Berempati dengan sehat
Manusia yang memiliki empati menyerap emosi dari orang-orang di sekitarnya. Ketika energi yang dikeluarkan saat berempati sudah berlebihan, perasaan yang muncul menjadi negatif. Rasanya seperti berjuang keras tapi tak mungkin menang. Pemilik empati seperti sosok yang ingin menyelamatkan dunia. Ia ingin melihat dunia yang damai, penuh cinta, dan kebahagiaan bagi semua orang. Sayangnya, dalam kenyataan yang ia hadapi justru sebaliknya. Dunia seringkali memperlihatkan sosok yang ganas, kejam, tak adil, dan penuh kepedihan. Bila tidak dikendalikan dengan baik, emosi dan perasaan-perasaan negatif tersebut akhirnya menjadi beban yang menyakitkan.
ADVERTISEMENT
Empati bisa menimbulkan stres, kecemasan, dan kemarahan. Empati membuat seseorang merasakan sakit yang dialami oleh orang lain, tak hanya secara emosional, bahkan bisa juga hingga secara fisik. Empati yang meluap-luap dapat mengganggu hormon kortisol, yang justru mengakibatkan sulit melepaskan emosi. Berempati terhadap penderitaan orang lain membuat seseorang rentan depresi dan putus asa.

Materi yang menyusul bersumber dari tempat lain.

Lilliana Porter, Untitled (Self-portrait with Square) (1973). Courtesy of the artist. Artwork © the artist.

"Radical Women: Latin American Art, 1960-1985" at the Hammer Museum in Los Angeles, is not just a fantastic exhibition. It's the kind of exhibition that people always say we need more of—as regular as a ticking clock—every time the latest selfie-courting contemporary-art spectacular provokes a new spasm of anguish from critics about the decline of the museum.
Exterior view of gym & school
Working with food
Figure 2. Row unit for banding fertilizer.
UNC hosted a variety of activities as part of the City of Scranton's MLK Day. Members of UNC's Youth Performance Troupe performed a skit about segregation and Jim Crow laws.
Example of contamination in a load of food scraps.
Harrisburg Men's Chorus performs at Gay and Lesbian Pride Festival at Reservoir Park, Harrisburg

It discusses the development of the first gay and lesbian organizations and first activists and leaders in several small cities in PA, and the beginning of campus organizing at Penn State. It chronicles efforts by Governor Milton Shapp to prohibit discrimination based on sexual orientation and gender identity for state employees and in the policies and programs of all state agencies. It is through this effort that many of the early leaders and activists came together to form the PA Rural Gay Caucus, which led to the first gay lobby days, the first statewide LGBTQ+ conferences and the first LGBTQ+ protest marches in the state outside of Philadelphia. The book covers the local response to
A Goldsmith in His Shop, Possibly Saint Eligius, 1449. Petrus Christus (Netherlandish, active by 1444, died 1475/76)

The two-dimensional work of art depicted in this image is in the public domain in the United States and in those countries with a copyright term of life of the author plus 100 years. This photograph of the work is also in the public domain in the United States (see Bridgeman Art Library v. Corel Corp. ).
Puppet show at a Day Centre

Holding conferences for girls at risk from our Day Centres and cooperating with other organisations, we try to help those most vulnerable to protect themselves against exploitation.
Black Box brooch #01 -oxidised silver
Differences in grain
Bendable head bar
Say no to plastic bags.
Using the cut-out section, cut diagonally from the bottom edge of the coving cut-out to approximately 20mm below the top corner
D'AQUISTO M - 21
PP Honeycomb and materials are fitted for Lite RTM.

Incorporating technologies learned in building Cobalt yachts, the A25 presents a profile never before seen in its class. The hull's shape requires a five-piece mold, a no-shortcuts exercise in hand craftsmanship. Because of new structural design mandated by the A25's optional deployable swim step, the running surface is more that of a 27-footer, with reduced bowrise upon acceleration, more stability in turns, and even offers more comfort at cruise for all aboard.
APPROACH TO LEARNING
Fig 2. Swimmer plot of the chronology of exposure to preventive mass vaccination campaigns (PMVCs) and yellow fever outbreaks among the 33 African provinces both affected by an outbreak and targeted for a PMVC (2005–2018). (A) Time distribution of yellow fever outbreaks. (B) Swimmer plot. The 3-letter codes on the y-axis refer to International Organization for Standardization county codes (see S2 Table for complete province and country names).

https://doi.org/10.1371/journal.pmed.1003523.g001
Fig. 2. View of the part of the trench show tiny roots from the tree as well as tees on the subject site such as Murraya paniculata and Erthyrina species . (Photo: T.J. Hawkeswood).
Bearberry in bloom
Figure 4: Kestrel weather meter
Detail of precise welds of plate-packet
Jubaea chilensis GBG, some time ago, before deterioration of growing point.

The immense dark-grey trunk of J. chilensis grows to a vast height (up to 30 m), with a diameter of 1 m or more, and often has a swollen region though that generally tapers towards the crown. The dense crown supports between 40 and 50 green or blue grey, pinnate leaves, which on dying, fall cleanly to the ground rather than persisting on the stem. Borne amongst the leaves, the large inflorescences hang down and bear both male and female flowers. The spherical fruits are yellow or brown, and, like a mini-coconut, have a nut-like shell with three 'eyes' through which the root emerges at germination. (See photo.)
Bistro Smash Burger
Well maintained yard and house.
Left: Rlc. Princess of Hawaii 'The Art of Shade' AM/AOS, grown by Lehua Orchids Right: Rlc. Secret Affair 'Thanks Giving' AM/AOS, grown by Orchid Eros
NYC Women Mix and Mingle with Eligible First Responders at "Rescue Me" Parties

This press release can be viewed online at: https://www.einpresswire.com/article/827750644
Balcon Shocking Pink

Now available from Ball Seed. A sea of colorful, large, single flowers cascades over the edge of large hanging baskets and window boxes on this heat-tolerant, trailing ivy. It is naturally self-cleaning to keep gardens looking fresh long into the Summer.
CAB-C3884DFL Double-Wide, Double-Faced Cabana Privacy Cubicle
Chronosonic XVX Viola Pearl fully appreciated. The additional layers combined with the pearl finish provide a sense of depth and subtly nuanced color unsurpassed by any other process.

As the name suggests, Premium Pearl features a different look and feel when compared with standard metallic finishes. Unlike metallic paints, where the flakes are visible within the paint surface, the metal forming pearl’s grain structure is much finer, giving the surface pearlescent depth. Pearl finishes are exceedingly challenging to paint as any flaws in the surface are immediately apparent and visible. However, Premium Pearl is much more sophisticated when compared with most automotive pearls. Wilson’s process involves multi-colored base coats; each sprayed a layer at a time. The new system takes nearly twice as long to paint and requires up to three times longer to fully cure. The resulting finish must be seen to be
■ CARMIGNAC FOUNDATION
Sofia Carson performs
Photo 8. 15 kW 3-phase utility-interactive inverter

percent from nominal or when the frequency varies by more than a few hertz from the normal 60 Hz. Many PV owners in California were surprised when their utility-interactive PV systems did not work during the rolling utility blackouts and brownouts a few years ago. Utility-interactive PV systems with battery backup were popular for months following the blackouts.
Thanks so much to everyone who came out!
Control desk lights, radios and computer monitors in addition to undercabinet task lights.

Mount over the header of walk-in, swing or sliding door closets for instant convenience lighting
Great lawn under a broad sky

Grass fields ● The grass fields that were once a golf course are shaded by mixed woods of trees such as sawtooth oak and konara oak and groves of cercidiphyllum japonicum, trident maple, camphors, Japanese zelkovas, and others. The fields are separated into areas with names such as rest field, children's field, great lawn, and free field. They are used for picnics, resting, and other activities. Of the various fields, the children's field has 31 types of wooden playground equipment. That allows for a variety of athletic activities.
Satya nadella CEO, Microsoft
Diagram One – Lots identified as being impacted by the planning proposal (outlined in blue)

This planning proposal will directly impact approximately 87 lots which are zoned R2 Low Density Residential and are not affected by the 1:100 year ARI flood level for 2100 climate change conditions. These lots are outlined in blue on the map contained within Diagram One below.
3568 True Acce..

Benar kita perlu berempati, tapi setiap orang seharusnya menjaga dirinya sendiri dahulu sebelum merawat orang lain. Orang yang dipenuhi empati kadangkala lupa merawat dirinya. Ketika ini terjadi, empati akan berbalik menyakiti diri sendiri. Empati menjadi berbahaya ketika seseorang merasa ia tak layak berbahagia hanya karena ada orang lain yang menderita. Ia percaya bahwa berempati sama dengan membuat diri sendiri merana. Akibatnya ada juga yang kemudian menjadi terobsesi dengan berbagi secara berlebihan hingga menyakiti diri sendiri baik secara emosional maupun finansial.
ADVERTISEMENT
Setiap orang sebaiknya memiliki empati, namun harus bisa mengendalikan dan merawatnya dengan baik. Ada batasan yang sebaiknya jangan pernah ditabrak. Agar tak kewalahan, dalam berempati kita harus memberi waktu pada diri sendiri untuk mengembalikan energi yang terkuras. Mengambil jarak dari penderitaan orang lain bukanlah hal egois. Apalagi ketika dirasakan empati tersebut menyakiti diri sendiri. Adalah penting untuk menetapkan batas-batas diri dengan orang lain agar tak selalu terlibat dengan penderitaan mereka. Apabila batas-batas tak dibuat, berempati akan menjadi sangat melelahkan. Lagipula memberi jarak juga membuat diri menjadi lebih jernih dalam berpikir dan--bila memungkinkan--memberikan bantuan. Kalau pun tak bisa membantu, baik untuk terus mengingat: You cannot save everyone, and that's perfectly fine.